11. The computer-implemented method of claim 5, further comprising:
receiving image data corresponding to the first dialog data; and
determining the first prompt including the first request to determine at least the second user knowledge based on the first dialog data, the image data and the first data.
12. The computer-implemented method of claim 5, wherein receiving the first data comprises receiving the first data including first natural language data describing the first user knowledge, and
wherein the second data includes second natural language data describing the second user knowledge.
13. A system comprising:
at least one processor; and
at least one memory including instructions that, when executed by the at least one processor, cause the system to:
receive first dialog data associated with a user profile identifier;
determine first data representing at least first user knowledge associated with the user profile identifier;
determine a first prompt including a first request to determine at least second user knowledge based on the first dialog data and the first data;
process, using a first generative model, the first prompt to generate second data representing at least the second user knowledge; and
store third data associating the second data with the user profile identifier.

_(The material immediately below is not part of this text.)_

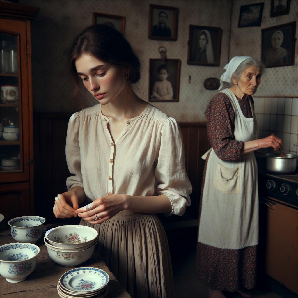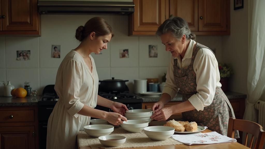 Елена расставляла фарфоровые тарелки, доставшиеся семье от бабушки Игоря, и невольно наслаждалась теплотой и уютом дома, где прошло детство её жениха. Всё здесь говорило о семейных традициях: фото на стенах, вышитые салфетки, старинный буфет с хрустальной посудой.

14. The system of claim 13, wherein the at least one memory includes further instructions that, when executed by the at least one processor, further cause the system to:
cause presentation of a system output requesting information from a user associated with the user profile identifier;
receive the first dialog data in response to the system output; and
select the first dialog data for further processing based on the first dialog data being in response to the system output, wherein further processing includes determining the first prompt.
15. The system of claim 13, wherein the at least one memory includes further instructions that, when executed by the at least one processor, further cause the system to:
process, using a second generative model, the first dialog data to determine that the first dialog data is to be selected for further processing, wherein further processing includes determining the first prompt.
16. The system of claim 13, wherein the at least one memory includes further instructions that, when executed by the at least one processor, further cause the system to:
receive a set of commands corresponding to dialog data to be excluded from further processing;
determine that the first dialog data corresponds to a first command excluded from the set of commands; and
based on the first dialog data corresponding to the first command, select the first dialog data for further processing, wherein further processing includes determining the first prompt.
17. The system of claim 13, wherein the at least one memory includes further instructions that, when executed by the at least one processor, further cause the system to:
determine that the first dialog data corresponds to a command for updating user knowledge data associated with the user profile identifier; and
based on the first dialog data corresponding to the command, select the first dialog data for further processing, wherein further processing includes determining the first prompt.
18. The system of claim 13, wherein the first data includes an affinity,
wherein processing using the first generative model comprises generating the second user knowledge representing a modification to the affinity.
19. The system of claim 13, wherein the at least one memory includes further instructions that, when executed by the at least one processor, further cause the system to:
receive image data corresponding to the first dialog data; and
determine the first prompt including the first request to determine at least the second user knowledge based on the first dialog data, the image data and the first data.
20. The system of claim 13, wherein receiving the first data comprises receiving the first data including first natural language data describing the first user knowledge, and
wherein the second data includes second natural language data describing the second user knowledge.